15. In a case reported in 2004 (5) CTC 675, T.SIVAKUMAR Vs. K.PRABHAKARAN, the learned single Judge of this Court has considered similar issue almost on similar set of facts and found that though the landlord or the person for whom the eviction sought for, is not already carrying on business the requirement on the ground of own use and occupation can be ordered, if steps have been taken by the landlord for commencement of the business. At this juncture, it is to be noted that it is not necessary that in all the cases the landlord has to prove or show some materials that he has taken steps to commence the business. Such requirement depends upon the nature of each business. What is required to be seen most importantly is that as to whether the requirement is a bona fide requirement an if such bona fide is proved by material documents the landlord should succeed in his attempt. The bona fide may be proved even by showing the intention and the qualification or eligibility to start the business. When such intention coupled with eligibility is established, then the bona fide of the landlord has to be held proved and mere non preparation for commencement of the business cannot be put against such person in all the cases. In certain business, even the pre-commencement preparation could be done only after occupying the premises. Some would intend to do petty business. Whether pre- commencement preparation is required or not is to be considered and decided based on the facts and circumstances of each case and there cannot be any universal formula for all the cases. Therefore, in this case when the landlord has proved the bona fide with sufficient materials by marking Exs.P3 to P7 and also by examining P.W.2 which evidence having not been rebutted by adducing any contra evidence by the tenant, I find that the landlord is entitled to an order of eviction.?
In 2007 (2) CTC 797, B.Kishore Auto Spares vs. D. Maragathavalli, it is held that, "8. So far as the other non-residential portion is concerned, which is vacant, the Act does not say that if Landlord owns more than one non-residential building, he would be disentitled to an order of eviction. It is naturally open to the Landlady to choose which building she would require for occupation of business of P.W.2. Contention of Learned Counsel for the Revision Petitioner that the Landlady has other portion vacant and the Landlady's Son could occupy anyone of those premises cannot be countenanced both factually and legally. According to Landlady, the other portion is insufficient to run Automobile business. Even assuming that other premises is available, choice is left to the Landlady as to which non-residential premises she should occupy and the Tenant cannot dictate terms in this matter. Adverting to this aspect, the Appellate Authority has observed even the Tenant is running Automobile business and his business requires three rooms, it would be unjust on his part to contend that in one single room, P.W.2 can commence his business."

...

13. It is well settled that to invoke Section 10(3)(a)(iii) of the Act, it is enough that the Landlord makes bonafide preparations to commence business and it is not necessary that Landlord / Member of the family should be actually carrying on business on the date of the Petition. Some of the decisions for this proposition are:- Arumugam Chettiar v. Jayaraman 1995 (2) M.L.J. 282; Thirunavukkarasu v. Vasantha Ammal 1997 (2) L.W. 607; Velmurugan Engineers Proprietor Ravendran v. Kaliappan 1998 (2) M.L.J. 472; Sivanraj v. Essakki Muthu and Jagathrakshagan and Ors. v. N. Futaree Bai and Ors. 1993 (3) M.L.J. 303.

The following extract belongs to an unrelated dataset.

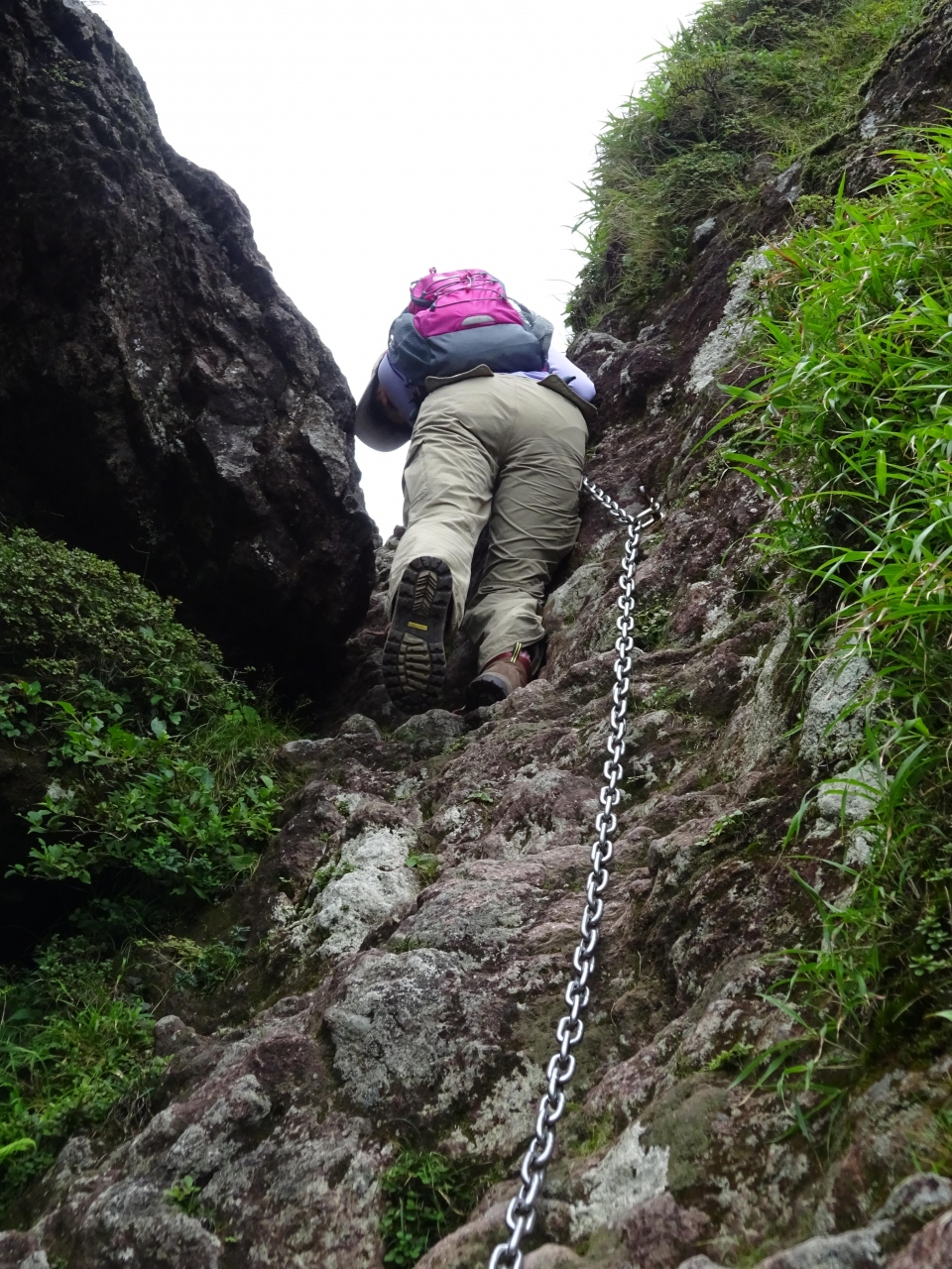 ジグザグ道の終わりから展望が開けてきますが、道も険しくなり、鎖場などもあります。この辺になると結構涼しいです。火口縁近くになるとショウロウトンボがたくさん飛んでいました。

14. Petitioner's Husband has retired from MRL and he has retiral benefits. Onbehalf of Revision petitioner, it was contended that the Landlady has not adduced any evidence showing the means of P.W.2 to start business. Petitioner / Landlady need not produce currencies before the Court to prove the means for commencement of the business. In these days of encouragement of entrepreneurs, it would not be difficulty for availing loans from Financial Institutions and Banks. That apart, P.W.2 can very well utilise the experience of his retired Father and seeking his assistance. Contention that evidence is wanting as to how P.W.2 would mobilise the fund is unsustainable. "

In Laxmibai vs. Bhagwanthuva, reported in 2013 (4) SCC 97, it is held as follows :-
"31. Furthermore, there cannot be any dispute with respect to the settled legal proposition, that if a party wishes to raise any doubt as regards the correctness of the statement of a witness, the said witness must be given an opportunity to explain his statement by drawing his attention to that part of it, which has been objected to by the other party, as being untrue. Without this, it is not possible to impeach his credibility. Such a law has been advanced in view of the statutory provisions enshrined in Section 138 of the Evidence Act, 1872, which enable the opposite party to cross-examine a witness as regards information tendered in evidence by him during his initial examination Patna High Court CR. APP (SJ) No.1163 of 2010 dt.11-08-2015 15 in chief, and the scope of this provision stands enlarged by Section 146 of the Evidence Act, which permits a witness to be questioned, inter-alia, in order to test his veracity. Thereafter, the unchallenged part of his evidence is to be relied upon, for the reason that it is impossible for the witness to explain or elaborate upon any doubts as regards the same, in the absence of questions put to him with respect to the circumstances which indicate that the version of events provided by him, is not fit to be believed, and the witness himself, is unworthy of credit. Thus, if a party intends to impeach a witness, he must provide adequate opportunity to the witness in the witness box, to give a full and proper explanation. The same is essential to ensure fair play and fairness in dealing with witnesses."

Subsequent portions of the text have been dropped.